Two arms, two hands. Using YAM/PiPER-class arms, roughly $4 – 6k of arm plus $10k – $120k of hands. $14 – 126k, dominated by the hands. Many small actuators, joints, sensors, and cables routed through the wrists; failure modes everywhere.
Three arms, three parallel jaws. Three YAM/PiPER-class arms with simple grippers are roughly $6 – 9k retail.

A third arm with a parallel jaw costs less than putting fingers on either of the first two. The ratio is set by the gap between watch-class parts and motor-class parts, and the watch-class side is not catching up.

“Free” transfer from human demo data isn’t free

Some hand proponents accept all of the above arguments, but argue that hands unlock data scale that makes them worth it anyway. Ostensibly, if you record POV video and just do simple hand tracking, natural human demos should be transferable to robotic embodiments with “the same” morphology for free.

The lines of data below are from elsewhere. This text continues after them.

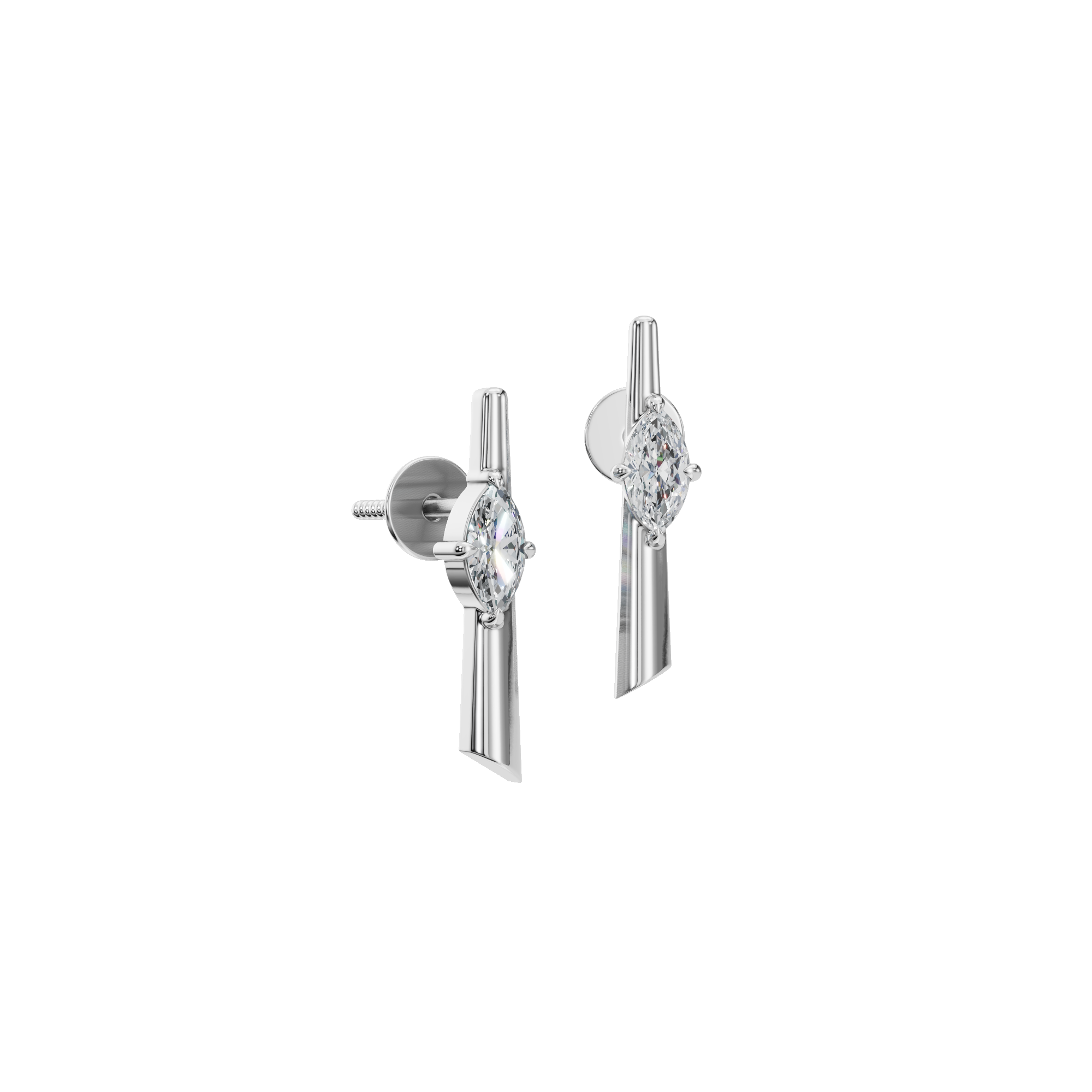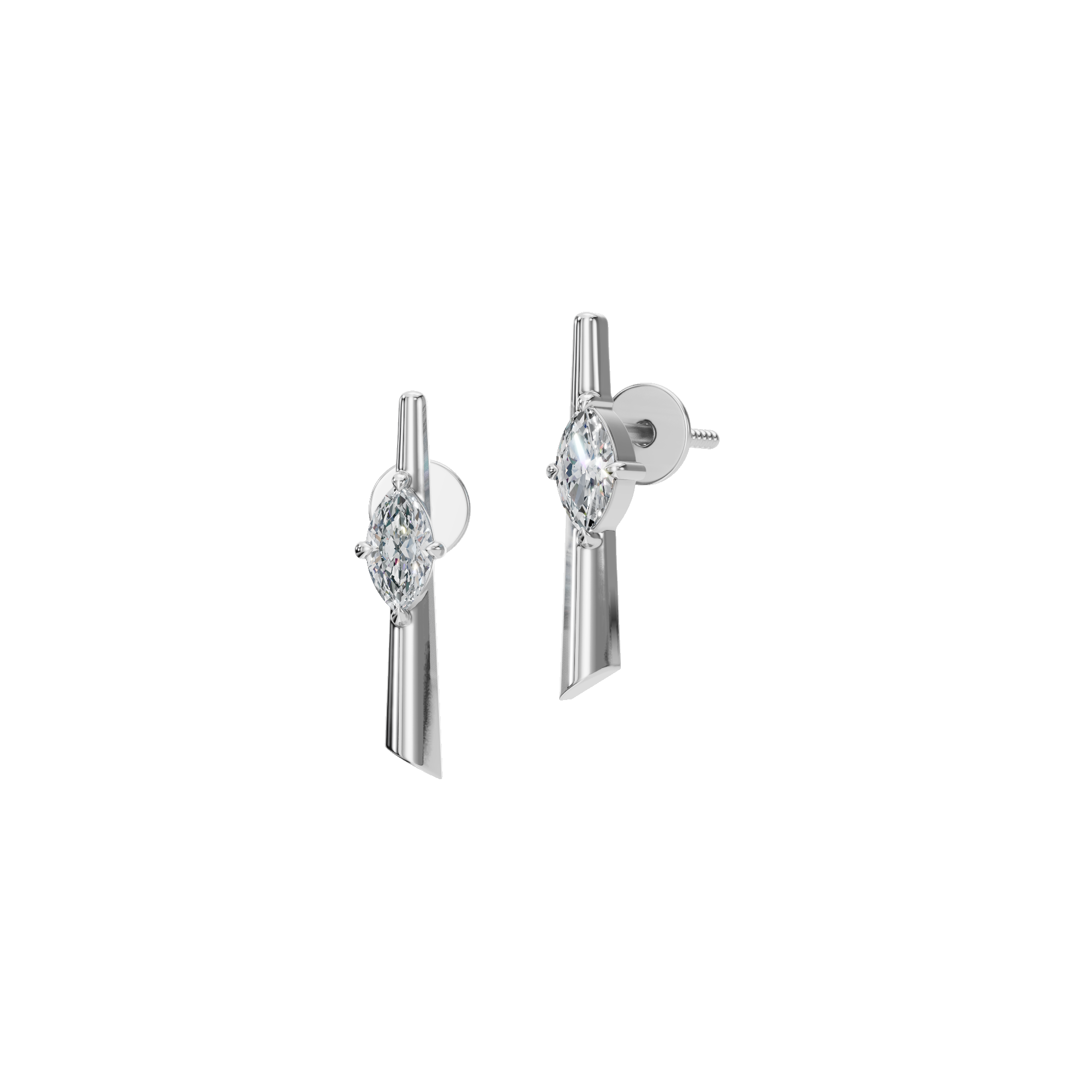 Ethereal Axis Emerald-Cut Diamond Bar Studs are a refined expression of balance, light, and modern elegance. Designed around a clean vertical axis, these earrings celebrate the quiet power of symmetry-where architectural form meets delicate brilliance. Smooth, polished metal contrasts beautifully with the diamond’s crisp geometry, evoking a sense of calm luxury rather than overt opulence. Every curve and edge is thoughtfully crafted to feel effortless, refined, and enduring.
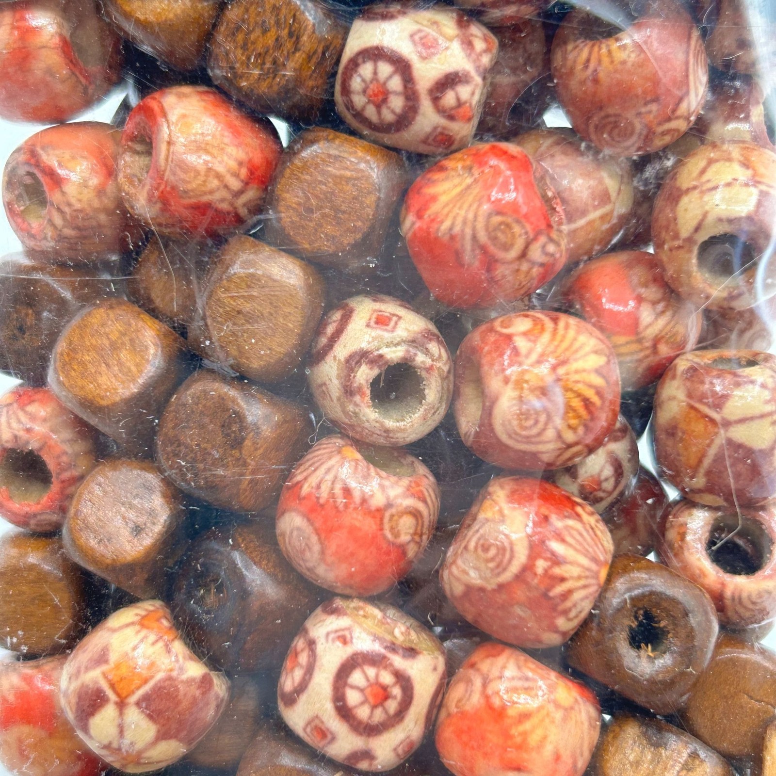 Wooden Printed Round Loose Beads Mix for Jewelry or Art Craft Projects
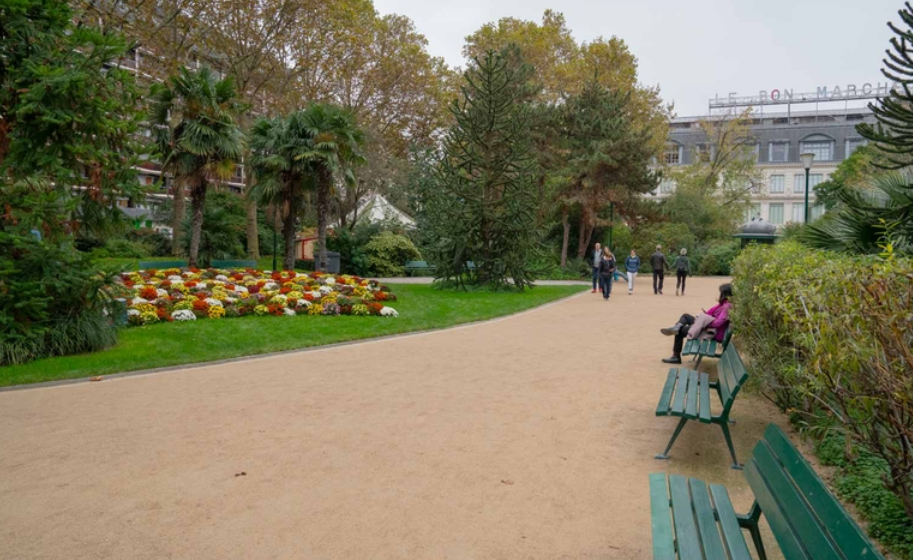 Created in 1870 as “Square du Bon‑Marché,” Boucicaut Square is now a serene green retreat in the heart of Paris’s 7th arrondissement, opposite the Le Bon Marché department store. Spanning 7 202 m², this French-style garden features lawns, flowerbeds and rare trees like Chilean araucarias, palm trees, Judas trees and the uncommon Cunninghamia lanceolata.

Unfortunately, they don’t. A human video gives you task intent, object state changes, and rough contact sequencing — not joint targets, contact forces, friction cones, compliance, or tactile feedback. Those are exactly the parts where the two substrates diverge. Human fingertips are soft, high-friction, self-healing, sensor-rich pads, and humans exploit fingernails and skin deformation as part of manipulation strategies.

A rich body of literature exists on retargeting precisely because handling these gaps is so hard. Antotsiou et al. chain pose estimation, IK, particle-swarm optimization, and a task objective just to drive a 29-DoF hand. DLR needs filtering and point-pattern matching for usable joint targets. DexPilot, the canonical success, is a custom vision teleop system — not free transfer from video. Newer work makes the embodiment gap explicit: DexUMI bridges kinematics with a wearable exoskeleton and vision with robot-hand inpainting; ADAPT-Teleop builds human-matched kinematics on purpose and still has to engineer around skin friction, viewpoint, and compliance.

Conclusion

Human hands are a local optimum for biology, not a target for robots. When building a system, it’s critical to check the assumptions you’re making, explicit and implicit, against the laws of physics and your actual goals. When run honestly, the math for robot hands just doesn’t make sense — the answer that pops out is simple end effectors mounted on more arms with bigger, serviceable actuators.